It's embarrassing these days to see how much the people who want to be president are spending trying to get that job. Something's gone wrong with the democracy that we're so proud of.
The candidates are spending a fortune trying to buy our vote and most of us would rather have the cash.
In 1860, Abraham Lincoln spent $100,000 on his campaign and this may have been the beginning of the idea that the candidate who spends the most wins, because Stephen Douglas spent only $50,000 running against Lincoln and he lost big time.
In the 2004 presidential election, George W. Bush spent $367 million and the loser, John Kerry, spent $328 million. Why does anyone want to be president that bad?
There's been a steady increase in what it costs to get elected. Calvin Coolidge spent only $4 million in 1924. Then Herbert Hoover came along in 1928 and spent $6 million.

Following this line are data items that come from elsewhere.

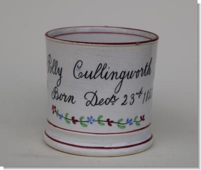 Polly was born as her mug says on 23.12.1855 in Holbeck a suburb of Leeds, but this style of decoration I would not usually associate with this great potting city.
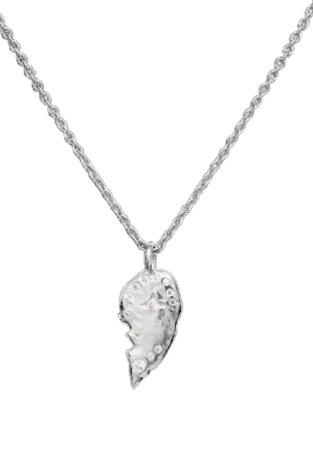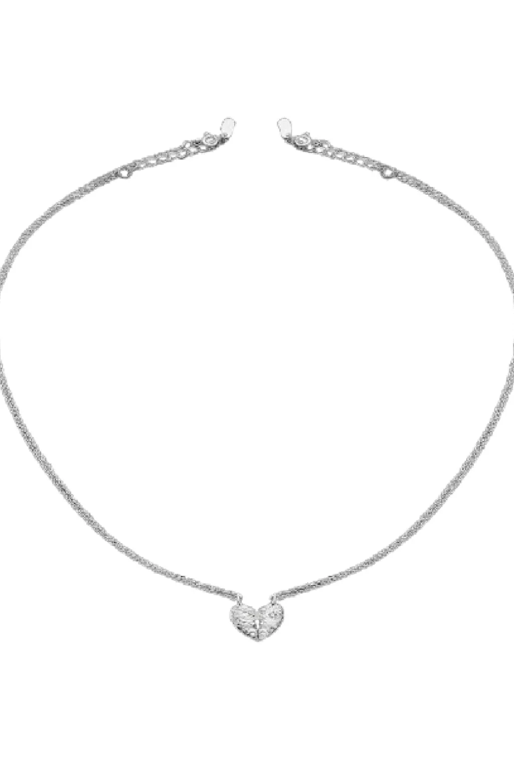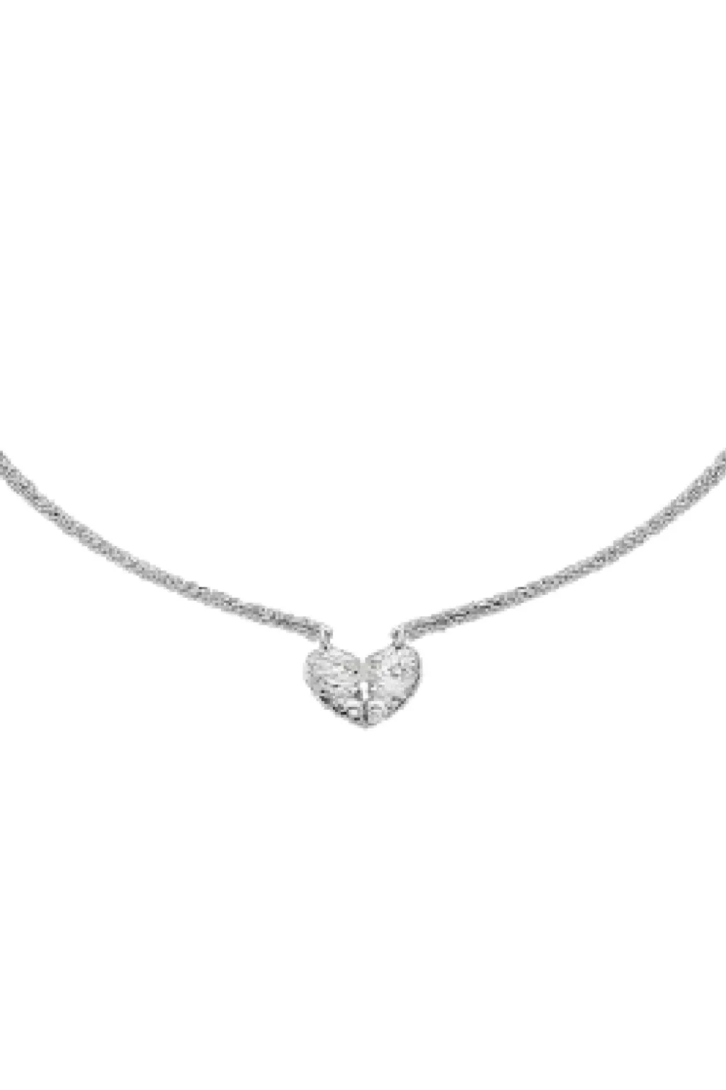 Sølvhalskæde fra Maanesten med et hjertevedhæng i to halvdele. Halskæden har en dobbeltkæde og er fremstillet af genanvendt sterling sølv med en blank overflade.
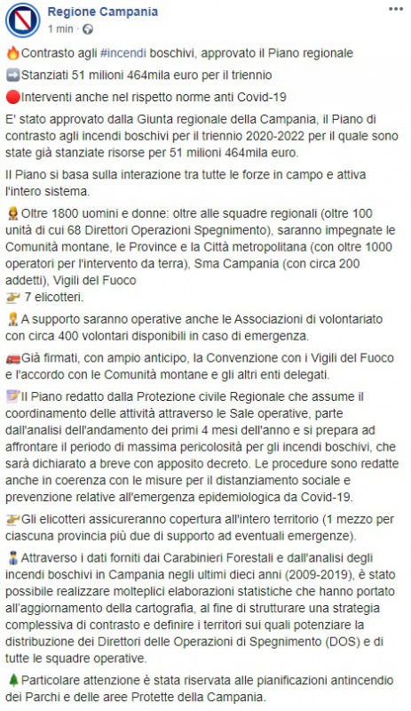 Questo quanto apprendiamo dalla pagina facebook della Regione Campania:
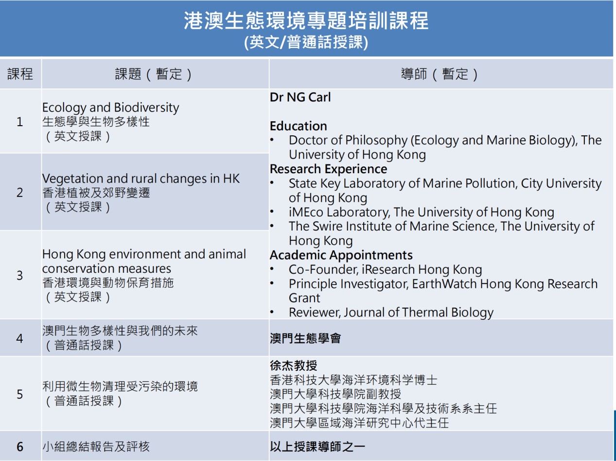 为在新时代新国际环境背景下进一步拓宽国际交流渠道,全面提升员工国际化视野,培养具有全球胜任力和国际竞争力的高素质人才。公司拟联合香港大学继续教育公司、澳门大学持续进修中心开展“生态系统与环境科学主题“”访学项目。授课教师均来自澳门大学、香港大学资深教授,这些教师主要毕业于哈佛大学、加州理工公司、剑桥大学、爱丁堡大学、北京大学等世界一流大学。项目详细介绍见附件一,现将报名信息通知如下:
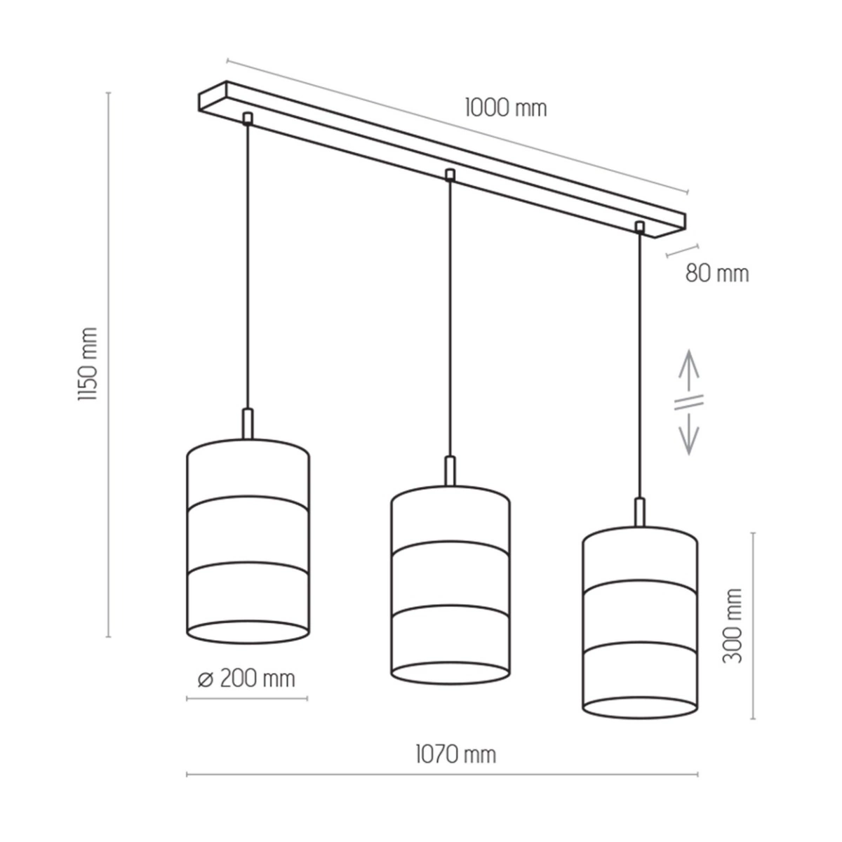 Existují také dva typy závěsných svítidel - s jedním stínidlem a se třemi stínidly zavěšenými na jedné liště. Stínidla mají průměr 20 cm a jsou ve tvaru trubice.
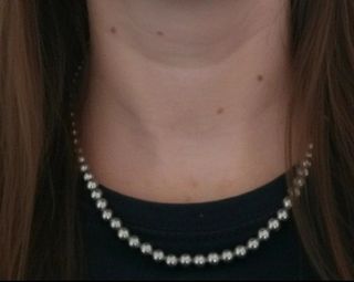Usata un paio di volte, in ottime condizioni. È realizzata in acciaio inox, un grande vantaggio perché non annerisce, resistente all'acqua e ipoallergenica. Si tratta di un modello multistrato con catene a maglia e piccoli dischetti/paillettes.

Hoover spent less than $3 million to lose four years later during the Depression. It must have been cheaper to buy votes during the Depression.
Political experts say that a candidate's going to need $400 million to run a campaign in 2008.

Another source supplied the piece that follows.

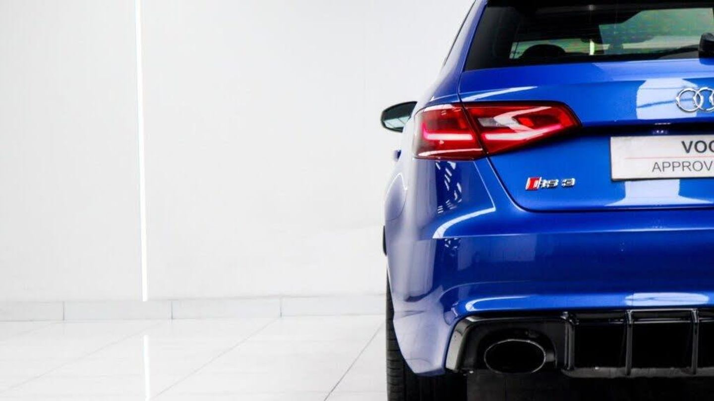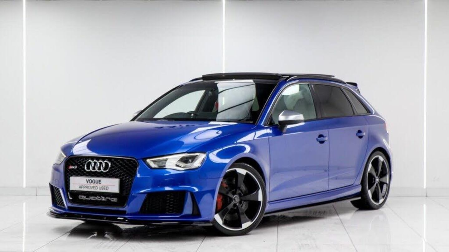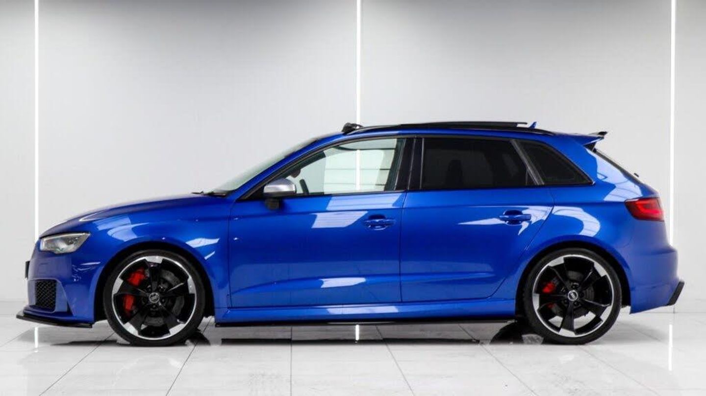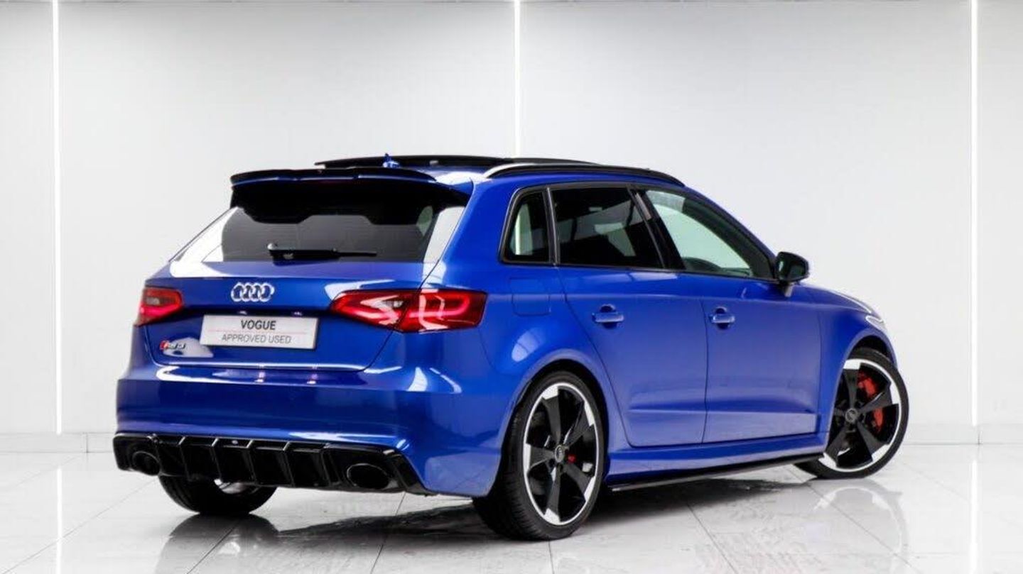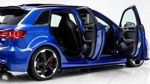 Sepang Blue, Fine Nappa Leather with Diamond Quilting - RS Super Sports Seats - Lunar Silver/Granite Grey Stitching RS3 Logo, Cruise Control, Bang and Olufsen Sound System, Audi Hill Hold Assist, RS3 Design Package, Electrically Adjustable 4-Way Lumbar Support, Privacy Glass, Styling Package - High-Gloss Black, Door Mirrors - High-Gloss Black Housing, Panoramic Glass Sunroof, Brake Calipers - Red with RS3 Logo, Black Roof Rails, 19in Alloy Wheels - 5-Arm Rotor Design - Matt Titanium - Diamond Cut Finish, 12V Power Socket - Rear, 12V Power Socket - Rear x2, 19in Alloy Wheels - 5-Arm Rotor Design - Galvanised Silver, ABS - Anti-Lock Braking System, AMI - Audi Music Interface, ASR - Anti Slip Regulation, Adaptive Brake Lights, Airbags - Driver, Airbags - Drivers Knee, Airbags - Front Passenger, Airbags - Front Side, Airbags - Head Level Side For Front and Rear, Alarm - Thatcham Category 1, All Weather LED Headlights, Aluminium Interior Elements, Aluminium Look Pedals, Aluminium-Effect Door Mirror Housings, Anti Theft Locking Wheel Bolts, Audi Drive Select, Audi Parking System Plus, Audi Parking System Rear with Acoustic Indicators, Automatic Wipers with Rain Sensor, Brake Calipers - High Gloss-Black with RS3 Logo, Cables x2 - MP3 Connection Including iPod, Car Jack, Cloth Headlining in Black, Colour Drivers Information System - DIS, Cup Holders - x2 in Centre Console, DAB Digital Radio, Display Screen Colour - 5.8in, Door Mirrors - Electrically Adjustable and Heated, Door Sill Trims - Aluminium with RS3 Logo, Dual-Zone Electronic Climate Control, EBD - Electronic Brakeforce Distribution, EDL - Electronic Differential Lock, ESP - Electronic Stability Programme, Electric Windows - Front and Rear, Electromechanical Parking Brake, Exhaust Tailpipe - RS, First Aid Kit, Front Bumper with Enlarged Air Inlets, Front Centre Armrest, Front Passenger Airbag Deactivation Switch, Front Sports Seats, Front and Rear Floor Mats, Full European Map Data, Grab Handles - Dampered, Head Restraints - Rear, Headlights - Coming-Leaving Home Function, Headlights - Light Sensor, Heat Insulating Glass, Heated Front Seats, Heated Rear Windscreen, ISOFIX Child Seat Mounting for Front Passenger and Rear Outer Seats, Immobiliser, Inlays - 3D Design Black, Interior Elements - Air Vents - Aluminium, Interior Elements - Frame Around the Inside Door Handle - Aluminium, Interior Elements - Glove Compartment - Aluminium, Interior Elements - Window Control Switches - Aluminium, LED Daytime Running Lights, LED Rear Lights, Luggage Compartment - Side Net, MMI Radio, MMI Touch, Manual Front Seat Adjustment, Mobile Telephone Preparation - Bluetooth Interface, Pollen Filter, Progressive Steering, RS Body Styling, RS Brake System - High Performance, RS Instrument Panel with Black Dials and Red Needles, RS Sports Suspension, Radiator Grille - Honeycomb Design, Rear Diffuser - RS3, Remote Central Locking with 2 Fold Away Keys, Roof Spoiler - RS3 Specific in Body Colour, Satellite Navigation System - SD Card Based, Seat Belt Reminder for All Seats, Seats - Adjustment for Cushion Depth, Seats - Extendable Thigh Support, Seats - Split Folding Rear - 60-40, Side Sills - RS, Smoking Package, Steering Wheel - 3-Spoke MultiFunction-Flat-Bottomed-Leather with Alcantara Inserts with RS Emblem, Steering Wheel - Gear Shift Paddles - Aluminium, Storage Compartment Under Rear Seat, Storage Net in Front Passenger Footwell and Front Seat Backrests, Storage and Luggage Package, Tool Kit, Tyre Pressure Monitoring System, Tyre Repair Kit, USB Connection, Voice Control - Navigation, Warning Triangle

What in the world are we doing? All we want is a smart, honest man or woman in the White House. It doesn't seem as though the candidates should have to spend $400 million lying to us about how wonderful they are because we know they aren't.

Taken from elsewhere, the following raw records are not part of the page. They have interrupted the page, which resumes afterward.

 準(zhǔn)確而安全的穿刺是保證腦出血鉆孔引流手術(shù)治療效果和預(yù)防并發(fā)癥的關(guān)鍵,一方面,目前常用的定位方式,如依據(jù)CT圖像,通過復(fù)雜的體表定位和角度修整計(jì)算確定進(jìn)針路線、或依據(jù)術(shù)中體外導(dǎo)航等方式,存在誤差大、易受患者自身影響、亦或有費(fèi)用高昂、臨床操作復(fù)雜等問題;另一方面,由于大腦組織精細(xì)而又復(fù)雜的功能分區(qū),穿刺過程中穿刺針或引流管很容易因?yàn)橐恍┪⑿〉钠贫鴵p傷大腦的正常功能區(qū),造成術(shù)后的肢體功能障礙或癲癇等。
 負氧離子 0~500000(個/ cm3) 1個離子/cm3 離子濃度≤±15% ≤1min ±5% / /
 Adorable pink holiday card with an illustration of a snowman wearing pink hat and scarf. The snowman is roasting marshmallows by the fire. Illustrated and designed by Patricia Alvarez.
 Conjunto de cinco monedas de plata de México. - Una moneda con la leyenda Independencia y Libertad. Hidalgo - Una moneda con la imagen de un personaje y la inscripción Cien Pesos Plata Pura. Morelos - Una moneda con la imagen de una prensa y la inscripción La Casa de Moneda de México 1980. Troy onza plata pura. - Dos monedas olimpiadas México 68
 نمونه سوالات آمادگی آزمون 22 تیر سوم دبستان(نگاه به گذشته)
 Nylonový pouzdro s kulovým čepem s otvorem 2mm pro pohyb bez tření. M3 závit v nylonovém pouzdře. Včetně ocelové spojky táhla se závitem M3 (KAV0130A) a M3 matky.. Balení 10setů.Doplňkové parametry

I'm already suspicious of anyone who thinks he or she is smart enough to be president. You'd have to have some ego to believe that about yourself.
It isn't usually clear why any of us votes for anyone anyway. I certainly don't always know why I vote for one candidate instead of the other. Quite often, I think a lot of us vote against some of them. There are candidates we hate. We're not really for any of them.
Maybe we should change our system. Our vote wouldn't indicate which candidate we wanted most. It would indicate which candidate we liked the least. The one who got the most votes would lose.